Elden çıkması kaçınılmaz olan dünya makamları bizim tarafa yönelecek olsa, sevnmeyiz bile.]
Öyle ya ‘Mansıb-ı dünyâ azline değmez.’ (Dünyada ele geçecek makam ve mevkiler elbette geçicidir; şu veya bu şekilde azl edilirsiniz ve azlin bir acısı vardır tabiatiyla. İşte o makamı elde etme zevki, azilde duyacağın acıyı çektiğine değmez. Olmaması daha iyi yani.
Tabii anlayış bu olunca sonuç da şu olur:
Makam, sahibinin lezzeti için değil hizmet içindir. Takındığın apoletle değil, kıldığın hizmetle şeref bulabilirsin.)
Hârun Reşid devlet başkanıydı. Hep yanında olan Behlül Dânâ ise baş gözüyle gören için deli, kalp gözüyle gören için veli. Birgün Behlül’e dedi ki Hârun; “Gel seni vezir edeyim.” Karşı konulamaz bir teklif normal şartlar altında ama Behlül başka; “danışayım” dedi. Adam gönderdi peşine Hârun; acaba kime danışacaktı. Döndü Behlül ve “olmaz” dedi,
“kabul edemeyeceğim”.
“Ben baktırdım” dedi Hârun Reşid, “sen helâya gitmişsin bu arada, kime danışmış olabilirsin ki?”
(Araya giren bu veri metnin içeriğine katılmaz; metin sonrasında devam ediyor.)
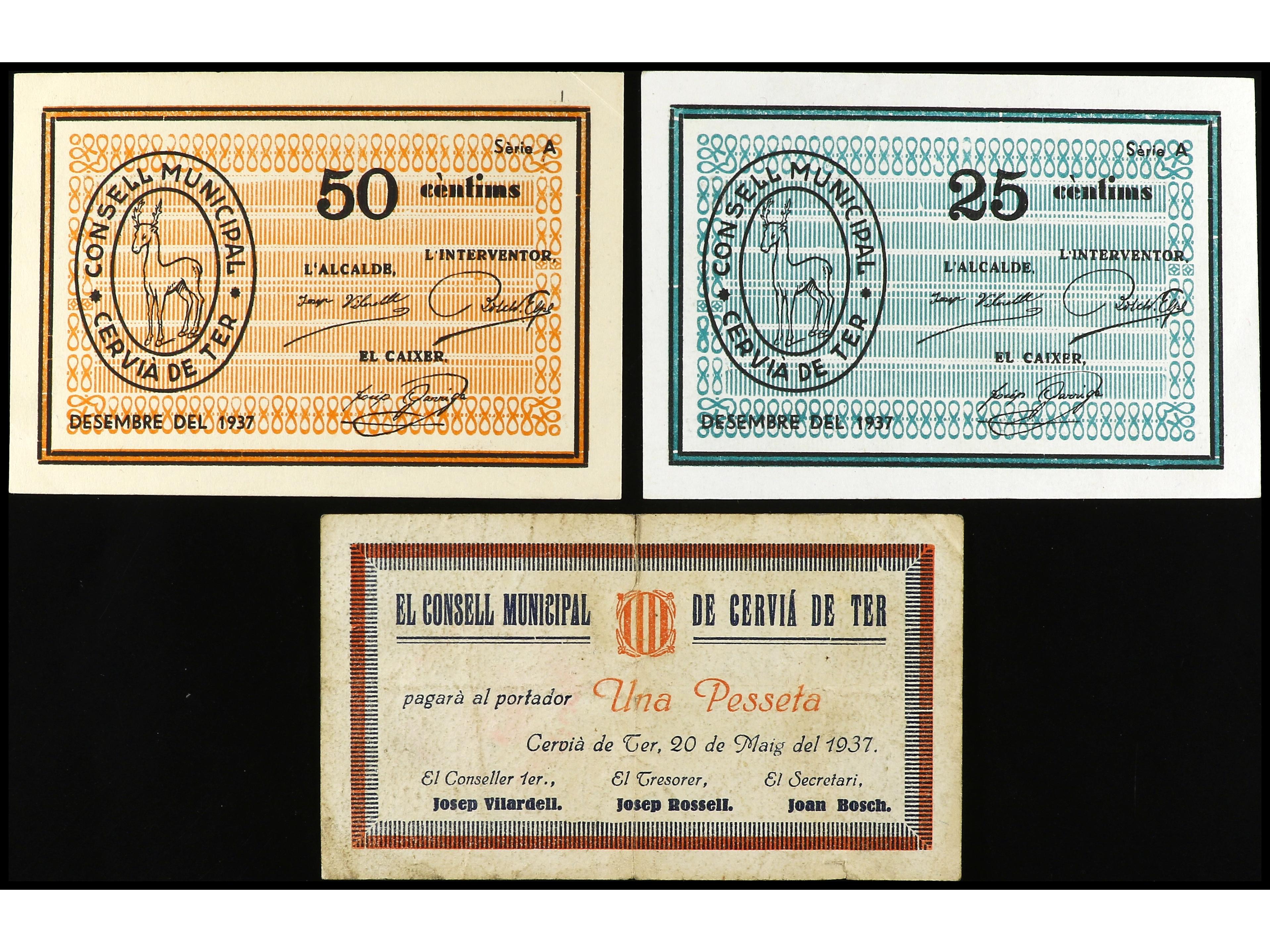 Lote 3 billetes 25, 50 Cèntims y 1 Pesseta. 20 Maig 1937 y Desembre 1937. C.M. de CERVIÀ DE TER. AT-818/820. MBC- a EBC.

“Evet” dedi Behlül “helâdakilere danıştım işte! dediler ki bana: -Bizler, herkesin elde etmek için azami gayret ettiği, hatta birbirleriyle kavga ettiği nefîs şeylerdik; pahalı gıdâlar idik. İnsan içine girdik, bir gece kaldık, bu hâle geldik. İbret al bizden ve insan içine girme!”
“Dünya ibret alan için hikmet yeri; ona kıymet vermeyen için ni’met yeri.”